Das öffentliche Leben in Russland ist seit dem Sommer kaum noch eingeschränkt. Ungeachtet hoher Corona-Infektionszahlen haben auch Theater geöffnet. Im Mai vorigen Jahres, als das Opernprojekt zum 75. Jahrestag des Sieges über Nazideutschland hatte Premiere feiern sollen, waren noch alle öffentlichen Einrichtungen geschlossen.

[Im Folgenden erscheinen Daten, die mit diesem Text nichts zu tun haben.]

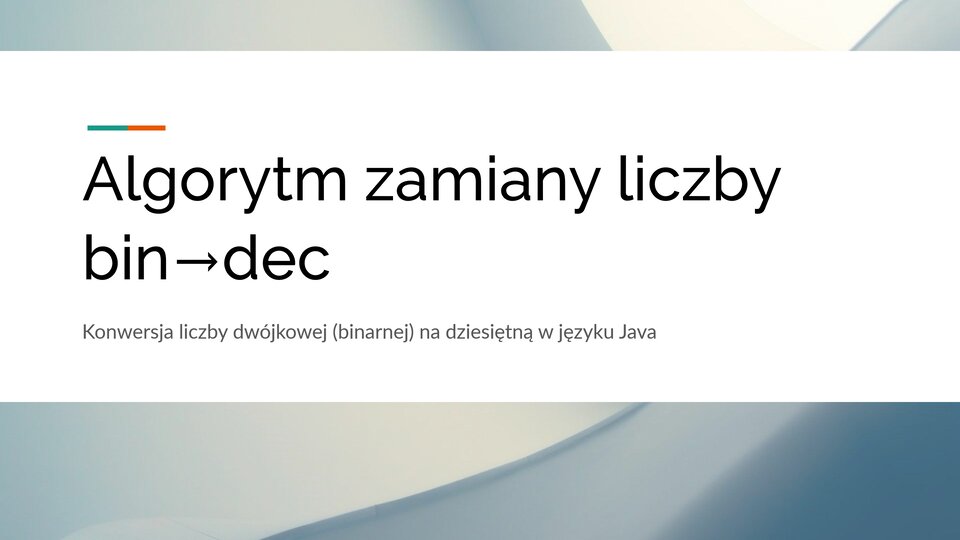 Linia 1. public static int konwertujBinDec otwórz nawias okrągły String liczbaBin zamknij nawias okrągły otwórz nawias klamrowy.

«Ich will hier Kulturbrücken bauen zwischen beiden Seiten», sagte Frey der Deutschen Presse-Agentur mit Blick auf die politischen Spannungen zwischen Berlin und Moskau. «Das ist so eine verhärtete Debatte auf beiden Seiten.» Der 55 Jahre alte Kulturmanager arbeitet inzwischen vor allem in Russland, wo er am Bolschoi Theater den Generaldirektor Wladimir Urin berät und im Schwarzmeerkurort Sotschi den Bau eines Kulturzentrums leitet, das in zwei Jahren eröffnet werden soll. In der Stadt der Olympischen Winterspiele von 2014 organisiert er bereits jetzt Dutzende Veranstaltungen.
Zuletzt hatten am Bolschoi Theater auch der deutsche Regisseur Claus Guth die Oper «Salome» von Richard Strauss und der Choreograph Christian Spuck das Ballett «Orlando» auf die Bühne gebracht. Die Aufführungen sind keine offiziellen Teile des in Russland noch laufenden Deutschlandjahres.